History of Music

Egyptian lute
(missing the strings)
People have been making music almost as long as there have been people, probably for at least a hundred thousand years. The earliest music was probably clapping hands and singing. Soon people also began to bang on hollow logs and knock sticks together to make louder sounds; these were the earliest percussion instruments.
By about 3100 BC (if not earlier), musicians in West Asia and Egypt were making instruments that could produce different pitches: high and low notes. The first wind instruments may have come from Egypt, even before the beginning of the Old Kingdom. These were hollow reed pipes with holes in them to put your fingers on to vary the pitch. Some probably had reeds in one end that you put in your mouth, like a modern clarinet. Musicians sometimes played one pipe, and sometimes played two pipes at the same time, one with the fingers of each hand.

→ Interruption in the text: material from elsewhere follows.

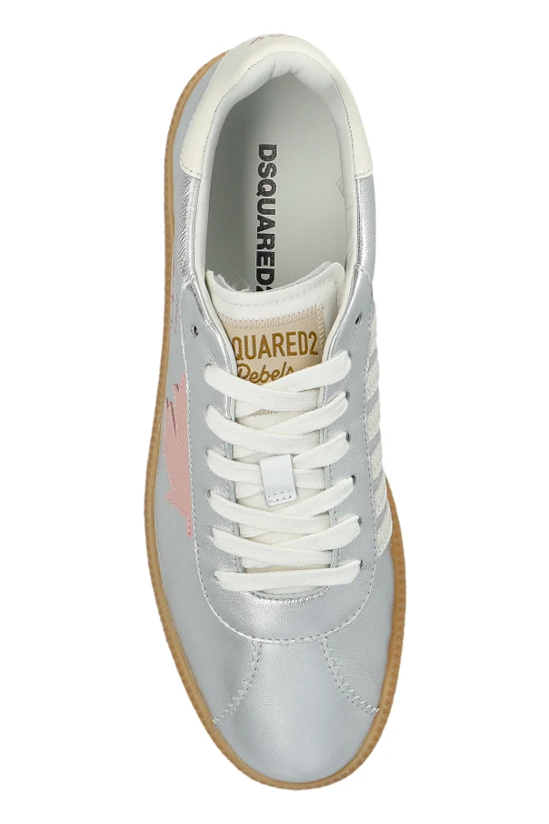 Buty sportowe Rebel marki Dsquared2 to kwintesencja wysmakowanego wzornictwa i nowoczesnej elegancji. Subtelny, srebrny odcień cholewki przyciąga spojrzenia i wprowadza do stylizacji powiew luksusu, natomiast kontrastujące detale w jasnym różu oraz kremie doskonale podkreślają unikatowy charakter modelu.

The earliest stringed instruments may have come from West Asia, where the Sumerians built thin lyres as early as 3000 BC. By 2500 BC people in northern Syria were also playing lyres, and by about 1900 BC, in the Middle Kingdom, Egyptian musicians had also learned to play the lyre, though lyres did not become common in Egypt until the New Kingdom.
The earliest lutes - a lyre with a neck like a modern mandolin - were also from West Asia.
We don't know what this early music sounded like, because there was no way to write down notes or to record music. We can tell from pictures and from descriptions that people sometimes played their instruments alone and sometimes in groups, and that they probably played songs with verses and choruses as we do today.
By about 1500 BC, in the New Kingdom, people in Egypt were playing bronze trumpets as well as flutes. (But it's possible that trumpets existed as early as the Old Kingdom). At first musicians seem to have mostly played trumpets for the army. They were also blowing through cow and goat horns to make music.
Around 300 BC, Greek musicians worked out ways of writing down notes to describe songs. Soon afterward, thanks to the Greek conquest of Egypt, Egyptian musicians also used the Greek method to write down songs.
In the Middle Ages, about 1000 AD, Christian monks in Europe began to use a new method of writing down notes, the ancestor of the system we use today.